13. Heaven Issues

308 55 17
                                    

Sesuai dengan rencana, disinilah Oliver berada. Berdiri didepan pintu apartemen yang tak tau dimana sang empunya. Lelaki itu berhutang banyak pada pasangan William dan Aurora. Tentu mereka berdualah yang memiliki peran penting dalam rencananya saat ini.

Oliver melipat tangannya. Dia bersandar pada pintu yang masih tertutup. Lelaki itu memejamkan mata. Menarik napas dalam sebelum menghembuskannya perlahan. Entahlah, hari-hari terasa begitu berat semenjak pertemuannya terkahir kali dengan Violet. Bahkan balapannya begitu kacau hingga dia tidak mendapatkan perolehan poin yang maksimal untuk team.

Dia sedikit lelah. Sesaat setelah agenda balap selesai dia langsung mengambil penerbangan. Ah itu bukanlah seperti menaiki pesawat komersial biasa, namun dia adalah Oliver sang pembalap F1 dari keluarga Rexon yang menggeluti bidang properti dari kakek buyut mereka. Tentu saja dia sangat mampu memiliki jet pribadi sendiri.

Jam tangan yang melilit dipergelangan menunjuk pada angka sepuluh. Cukup malam bagi seorang atlet untuk tetap terjaga. Berarti sudah hampir satu jam Oliver menunggu. Dan sialnya dia bahkan tidak bisa menghubungi ponsel perempuan itu.

Sebenarnya kemana perempuan itu sekarang? Andaikan Oliver tahu, sudah pasti dia akan menyusul ke tempatnya berada. Sungguh, menunggu seperti ini membuatnya semakin tidak tenang.
Pikirannya berkeliaran kemana-mana. Ketakutan dan kegelisahan bercampur menjadi satu hingga membuat kepalanya ingin meledak.

Tapi Oliver tidak bisa terus bersikap seperti itu. Dia harus bisa mengendalikan diri. Meski sedikit sulit tapi menghadapi perempuan seperti Violet membutuhkan strategi yang tepat. Jika terlalu keras dia akan lepas, namun apabila terlalu lemah Violet pun tetap akan lepas.

Sialan. Oliver rasanya hampir gila.

"Haruskah aku merantai kakinya nanti agar dia tidak bisa pergi seenaknya seperti saat ini?"

Hah, pemikiran bengis itu lagi-lagi muncul di benaknya. Ya, setiap kali mengingat bagaimana dengan lancangnya perempuan itu pergi, rasanya Oliver ingin sekali mengurungnya. Menguncinya pada sebuah ruangan khusus dan tidak akan membiarkannya pergi kemanapun tanpa ijin darinya.

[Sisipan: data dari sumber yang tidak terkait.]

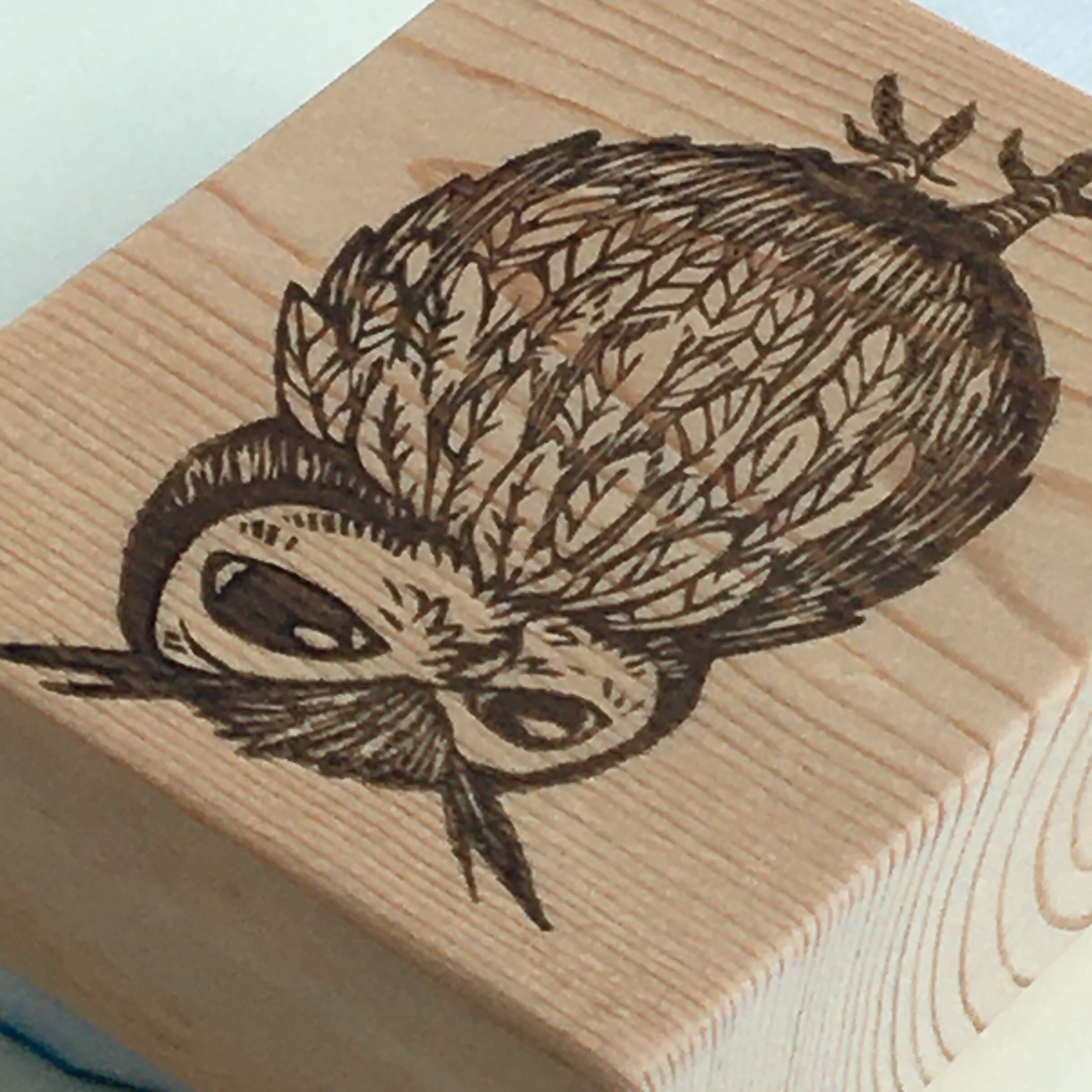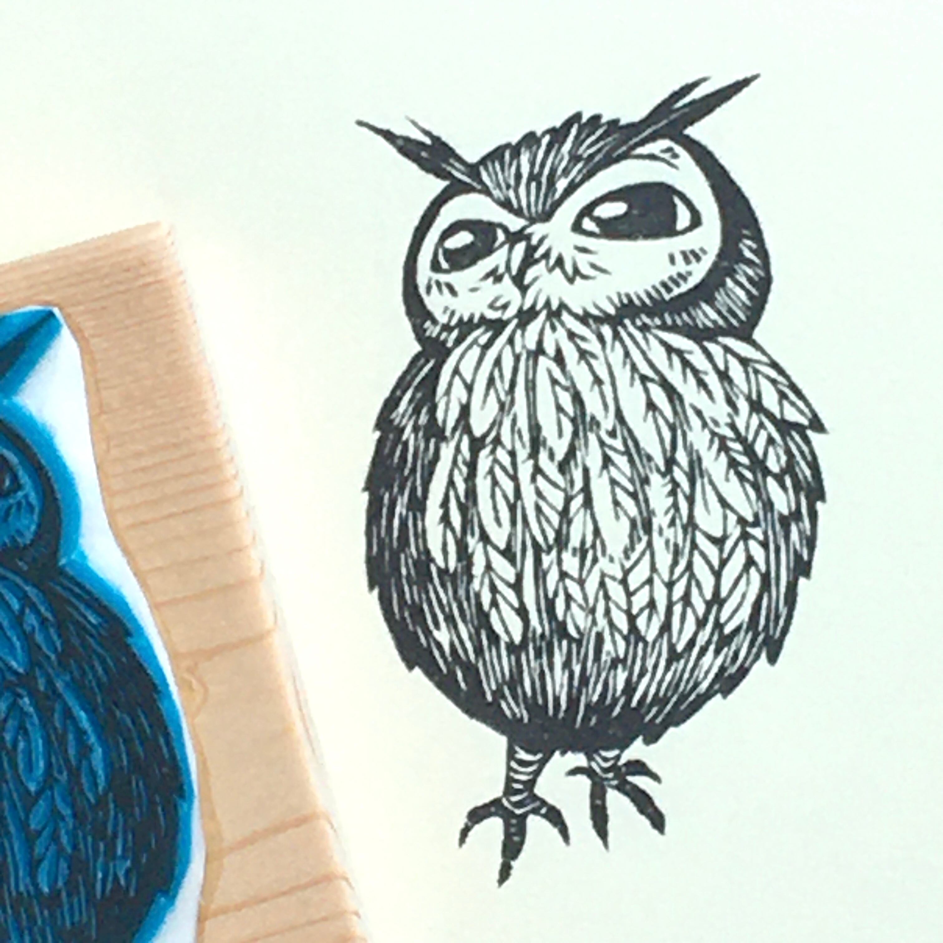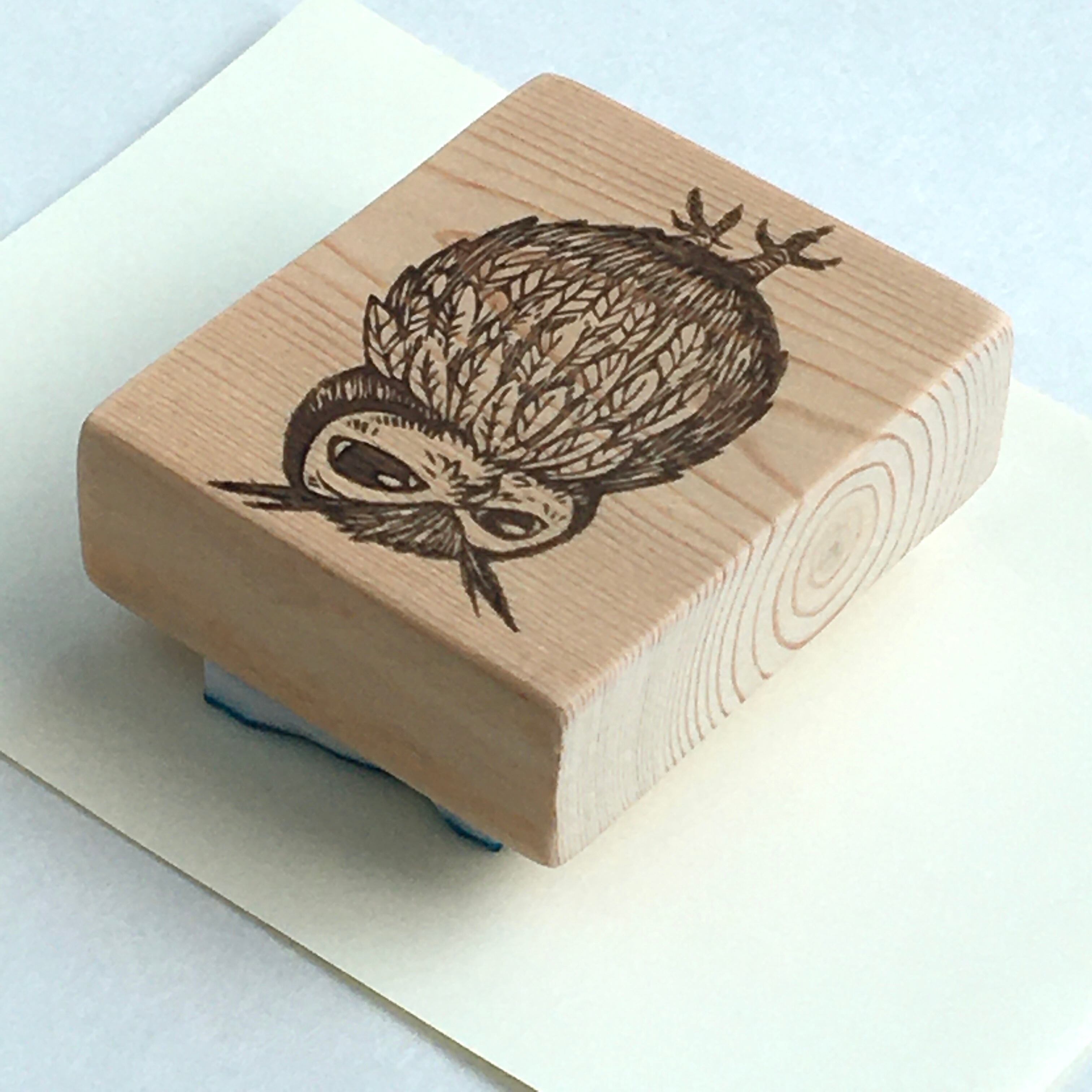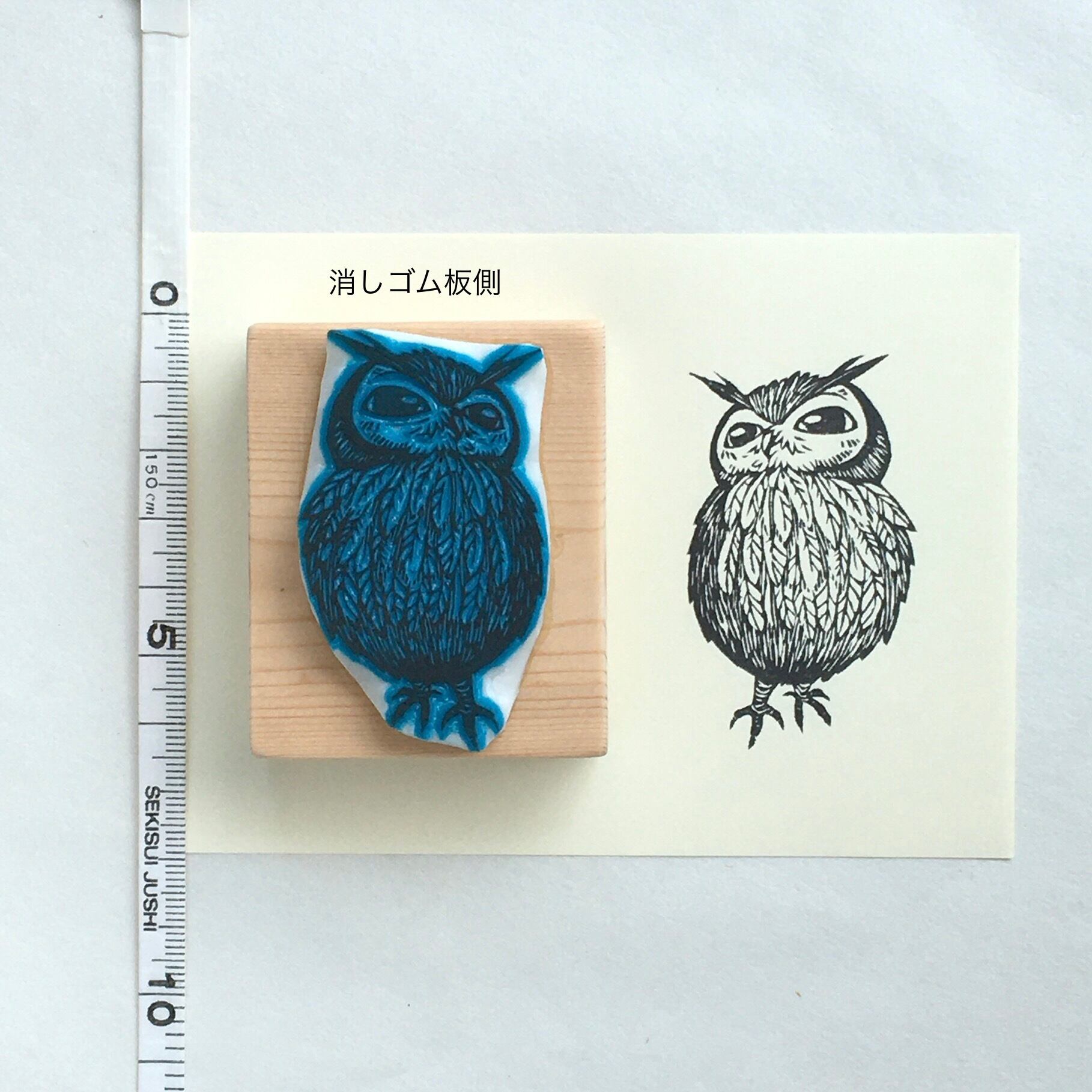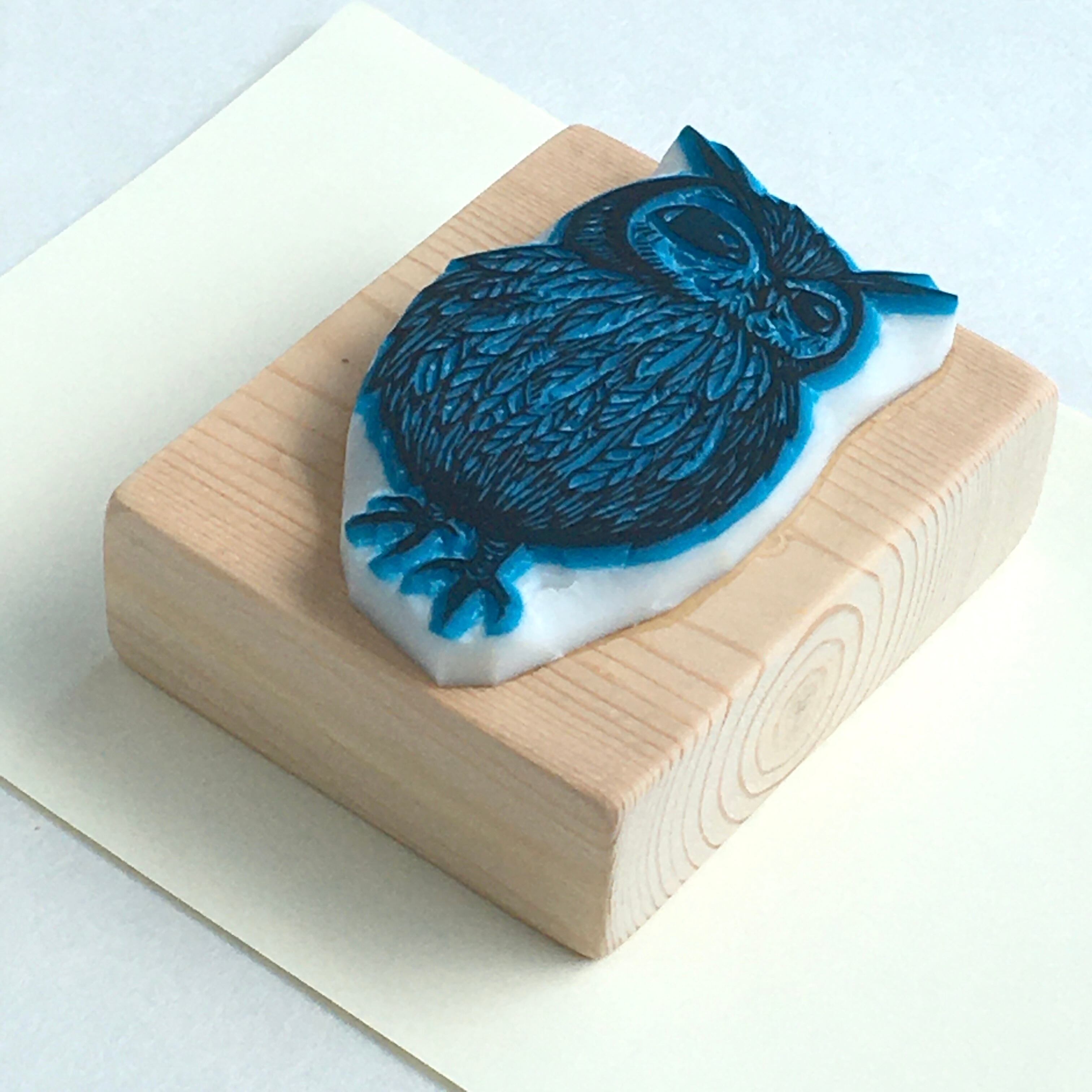 もふもふミミズクの消しゴムはんこです。

Waktu terus berputar, hingga ketika suara dari arah lift terdengar disitulah Oliver menegakkan tubuhnya.

Sebuah kaki jenjang seputih susu yang pernah melingkar erat di pinggang kokohnya nampak melangkah keluar. Menunjukkan presensi utuh dari perempuan yang mengacaukan harinya dalam beberapa bulan terakhir.

Namun langkah itu hanya bertahan beberapa kali saja sebelum sang empunya memilih berhenti. Violet, perempuan yang sudah membuangnya, perempuan yang merusak pikirannya, dan perempuan yang sudah menjadi candu baginya nampak sedang berdiri mematung ditempat. Matanya terbelalak. Bibirnya sedikit terbuka. Sepertinya presensi dirinya sangat mengejutkan bagi perempuan itu.

"Lama tidak bertemu Violet." Sapa Oliver yang membuyarkan keterkejutan perempuan yang baru saja pulang dari pusat kebugaran. Terlihat dari pakaian yang olahraga yang dia kenakan.

Violet kembali pada kesadaran yang sempat melayang beberapa saat lalu. Dengan langkah tegas dia mendekat kearah lelaki yang sedang menyeringai menjijikkan. Sungguh Violet membenci ekspresi yang ditunjukkan Oliver sekarang.

"Pergi dari sini."

Violet menarik tangan Oliver untuk mengikuti langkahnya. Namun tertahan karena Oliver menginginkan untuk tetap tidak beranjak.

"Tidak. Aku tidak akan pergi kemanapun." Tepis Oliver hingga membuat tangan Violet terlepas.

"Kau--" Violet mengeram. Wajahnya mengeras. Amarah yang tertahan membuat deru napasnya memberat.

"Apa?" Oliver menatap lurus pada netra perempuanuan yang memberikan sorot tajam pada dirinya. Dia tidak mau kalah. Oliver tidak takut dengan intimidasi Violet yang malah seperti seekor kucing kecil yang lucu.